Task directions
Would you return the lines that run from the start of the data below to the line with "耐熱容器にに、もやし、にんじ", both included, exactly as written and without pictures?

Data excerpt

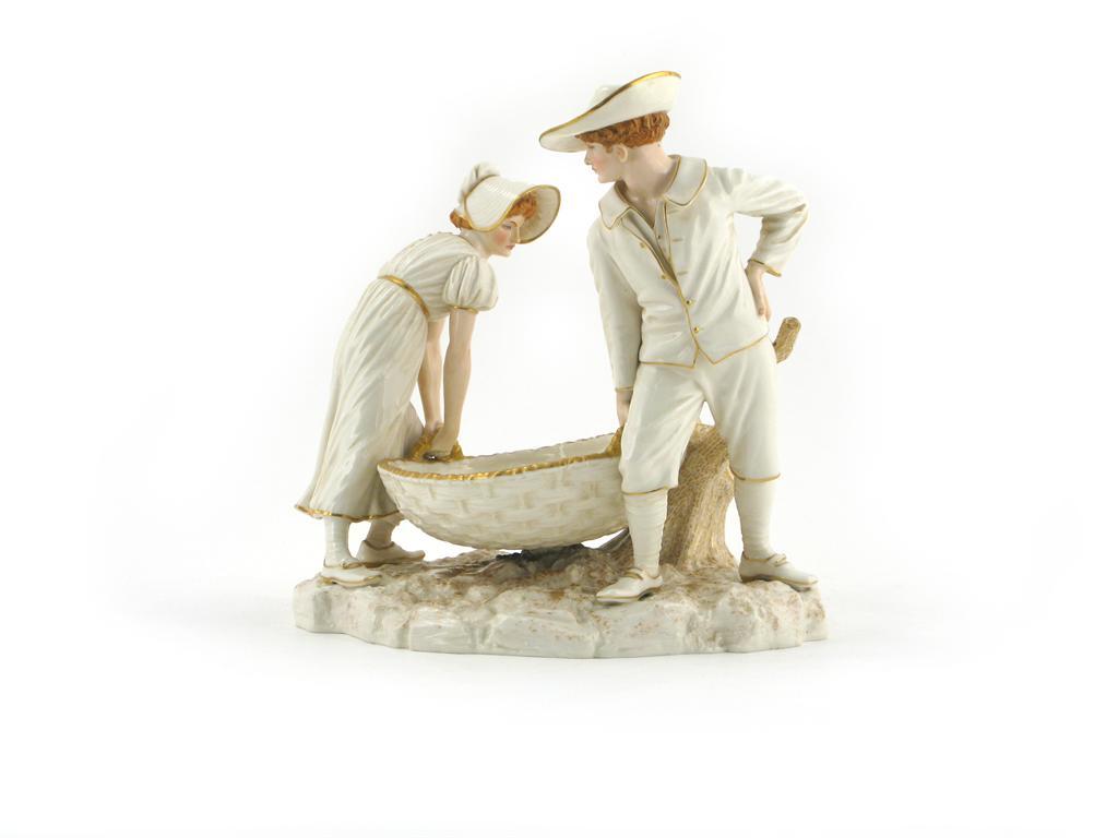 A Royal Worcester figural centrepiece late 19th century, a labourer and his companion struggling to lift an enormous basket which rests on the remains of a large tree trunk, the details highlighted in gilt, applied mark, 27cm.
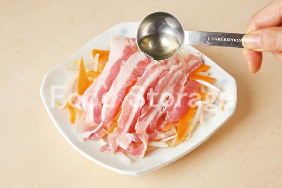 耐熱容器にに、もやし、にんじん、豚肉の順にのせ、酒、塩、粗びき黒こしょうをふってラップをする。
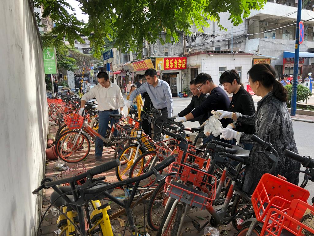 为深入推进“不忘初心、牢记使命”主题教育,发挥党员先锋模范作用,根据学校主题教育活动的部署,10月31日下午,纪审招财党支部组织党员同志到康乐中约北后街开展志愿服务活动——轻扶共享单车。

Written reply
 A Royal Worcester figural centrepiece late 19th century, a labourer and his companion struggling to lift an enormous basket which rests on the remains of a large tree trunk, the details highlighted in gilt, applied mark, 27cm.
 耐熱容器にに、もやし、にんじん、豚肉の順にのせ、酒、塩、粗びき黒こしょうをふってラップをする。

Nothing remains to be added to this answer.